*** Information Section Begins ***
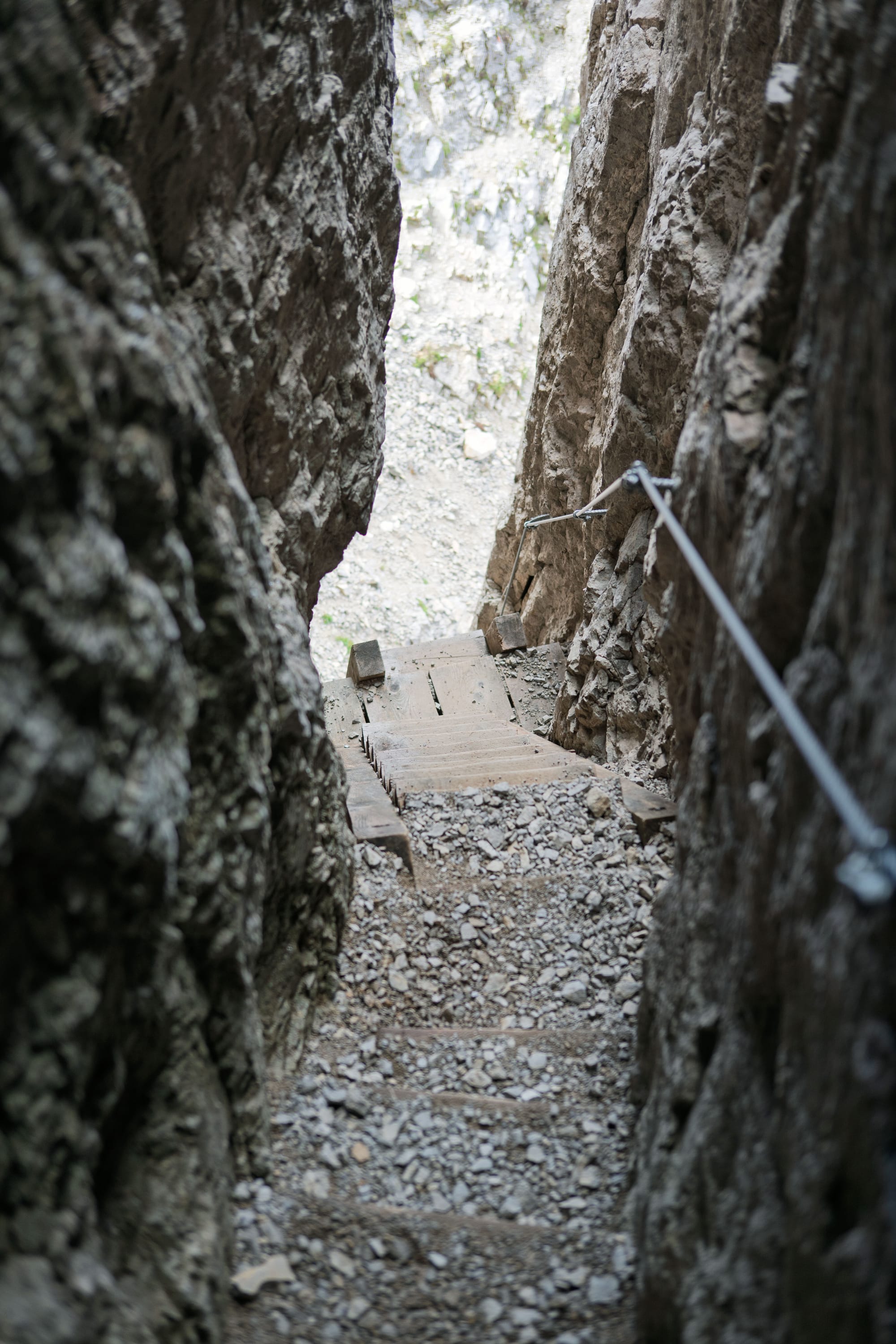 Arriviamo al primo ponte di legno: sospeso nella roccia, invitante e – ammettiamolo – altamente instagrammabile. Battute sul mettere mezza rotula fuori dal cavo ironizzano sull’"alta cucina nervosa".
*** Information Section Ends ***
*** Information Section Begins ***
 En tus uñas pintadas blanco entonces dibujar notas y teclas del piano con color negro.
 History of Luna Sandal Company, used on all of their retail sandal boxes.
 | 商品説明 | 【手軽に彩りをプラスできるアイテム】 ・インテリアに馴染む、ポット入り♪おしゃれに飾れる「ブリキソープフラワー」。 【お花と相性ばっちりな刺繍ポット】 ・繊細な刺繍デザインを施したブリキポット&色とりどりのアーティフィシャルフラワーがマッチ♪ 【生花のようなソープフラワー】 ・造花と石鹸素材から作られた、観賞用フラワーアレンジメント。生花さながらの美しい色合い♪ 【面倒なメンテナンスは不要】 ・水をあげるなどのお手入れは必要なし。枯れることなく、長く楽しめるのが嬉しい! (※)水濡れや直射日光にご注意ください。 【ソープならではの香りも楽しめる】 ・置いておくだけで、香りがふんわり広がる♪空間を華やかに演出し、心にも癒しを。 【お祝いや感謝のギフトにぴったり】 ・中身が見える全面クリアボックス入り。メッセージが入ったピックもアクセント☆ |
*** Information Section Ends ***
*** Information Section Begins ***
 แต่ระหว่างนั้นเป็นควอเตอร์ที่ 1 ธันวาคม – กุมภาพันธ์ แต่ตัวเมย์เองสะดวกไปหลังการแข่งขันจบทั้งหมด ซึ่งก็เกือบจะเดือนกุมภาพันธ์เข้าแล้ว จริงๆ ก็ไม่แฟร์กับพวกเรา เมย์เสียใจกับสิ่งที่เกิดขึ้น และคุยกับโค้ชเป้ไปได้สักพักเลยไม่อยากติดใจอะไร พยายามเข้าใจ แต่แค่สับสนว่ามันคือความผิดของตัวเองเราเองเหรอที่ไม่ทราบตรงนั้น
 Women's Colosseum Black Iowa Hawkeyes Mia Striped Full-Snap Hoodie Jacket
*** Information Section Ends ***
▶ Task item: Beginning at the line with "แต่ระหว่างนั้นเป็นควอเตอร์ที่ 1 ธันวาคม" and stopping after the line with "Women's Colosseum Black", please write out every line of the data above exactly and nothing else.

▶ Output for this exercise:
 แต่ระหว่างนั้นเป็นควอเตอร์ที่ 1 ธันวาคม – กุมภาพันธ์ แต่ตัวเมย์เองสะดวกไปหลังการแข่งขันจบทั้งหมด ซึ่งก็เกือบจะเดือนกุมภาพันธ์เข้าแล้ว จริงๆ ก็ไม่แฟร์กับพวกเรา เมย์เสียใจกับสิ่งที่เกิดขึ้น และคุยกับโค้ชเป้ไปได้สักพักเลยไม่อยากติดใจอะไร พยายามเข้าใจ แต่แค่สับสนว่ามันคือความผิดของตัวเองเราเองเหรอที่ไม่ทราบตรงนั้น
 Women's Colosseum Black Iowa Hawkeyes Mia Striped Full-Snap Hoodie Jacket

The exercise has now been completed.